To start, we investigated the impact of diol binding mode on the intermolecular interactions between GlcN and the OHs of the polyol. As anticipated, with 0.5 equiv of Glyc, only one strong, positive cross-peak is observed between the OHs of Glyc and the NH of GlcN (Figure 3, NH-Glyc), indicating that there is chemical exchange and hydrogen bonding between these two protons. With 1,3-PD, we similarly see a positive cross-peak for this OH/NH interaction (NH-PD), but it is significantly less intense. Additionally, a prominent positive cross-peak between OH6 of GlcN and OH of the 1,3-PD is observed (OH6-PD). The relative intensity of these two NOE signals varies as the concentration of 1,3-PD is increased. At 0.5 equiv of 1,3-PD, the interaction between OH6-PD is more intense than the NH-PD cross-peak.
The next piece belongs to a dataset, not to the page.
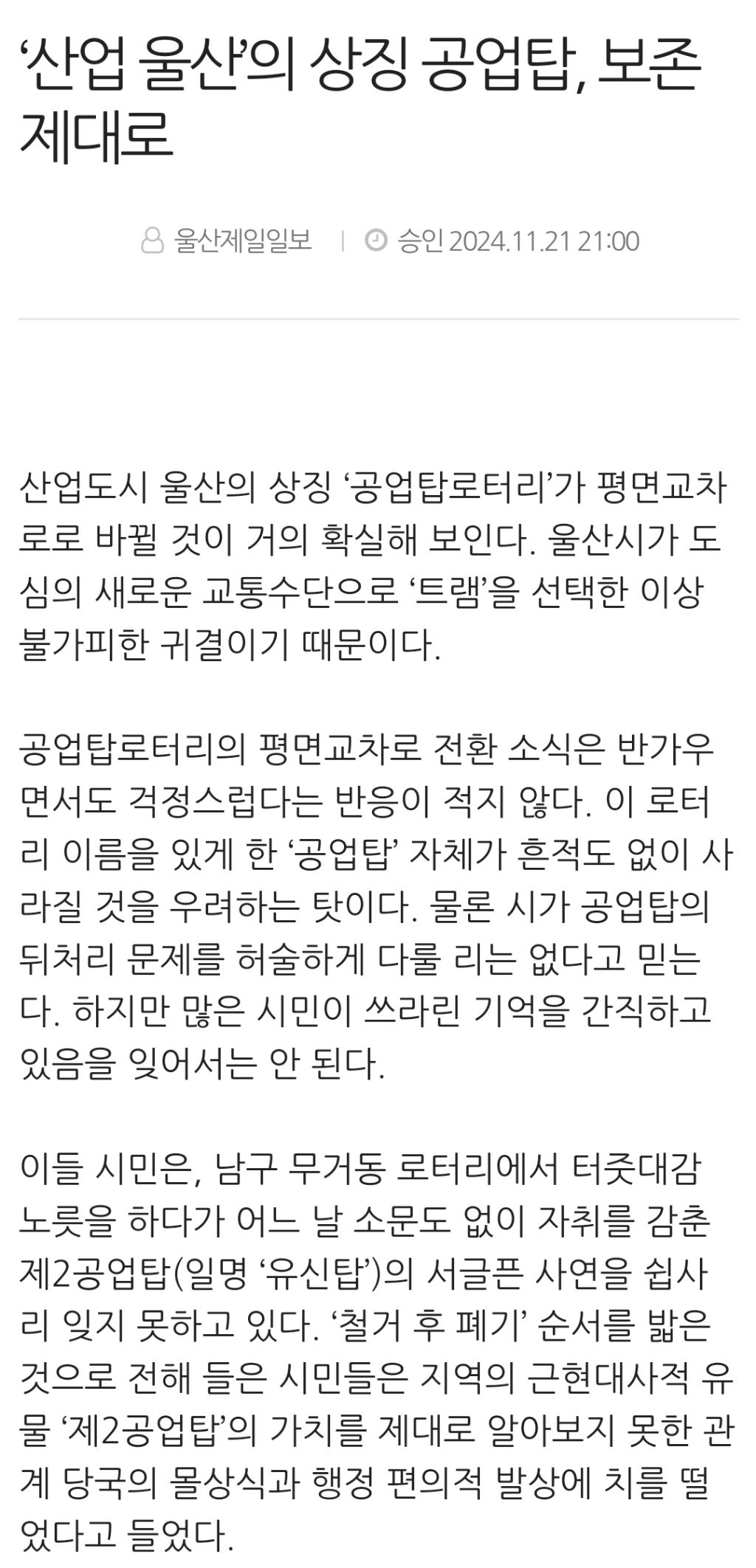 [여시뉴스데스크]‘산업 울산’의 상징 공업탑, 보존 제대로 작성자천리길|작성시간24.11.21|조회수801 목록 댓글 2 글자크기 작게가 글자크기 크게가 출처: http://www.ujeil.com/news/articleView.html?idxno=357800‘산업 울산’의 상징 공업탑, 보존 제대로 - 울산제일일보산업도시 울산의 상징 ‘공업탑로터리’가 평면교차로로 바뀔 것이 거의 확실해 보인다. 울산시가 도심의 새로운 교통수단으로 ‘트램’을 선택한 이상 불가피한 귀결이기 때문이다.공업탑로www.ujeil.com이하 생략전문 출처로 다음검색 현재 게시글 추가 기능 열기 북마크 공유하기 신고 센터로 신고 댓글 댓글 2 댓글쓰기 답글쓰기 댓글 리스트 작성자꽇부닁 | 작성시간 24.11.21 헐 트램 걍 공업탑 밑에 구멍뚫어ㅠ 작성자나는엣팁이다 | 작성시간 24.11.22 왜!!!!!!!!!!!!!!!!!!공업탑냅둬! 댓글 전체보기

However, as the concentration of 1,3-PD increases, the intensity of the NH-PD cross-peak increases, and the diol’s hydrogen bonding preference shifts to the amine of GlcN (Figures S1 and S2). Interestingly, with 0.5 equiv of EG, the only significant signal is a positive cross-peak between the OH6 of GlcN and the OH’s of EG (OH6-EG). This signal remains the predominant cross-peak at both 0.5 and 1.0 equiv of diol, and EG has no NH interactions until it is in excess (Figures S1 and S2). In combination, these data suggest that the 1,3-PD has a higher preference for the NH than EG, which has a higher preference for the OHs of GlcN. These results clearly demonstrate that the diol binding mode impacts the intermolecular interactions between GlcN and the polyol.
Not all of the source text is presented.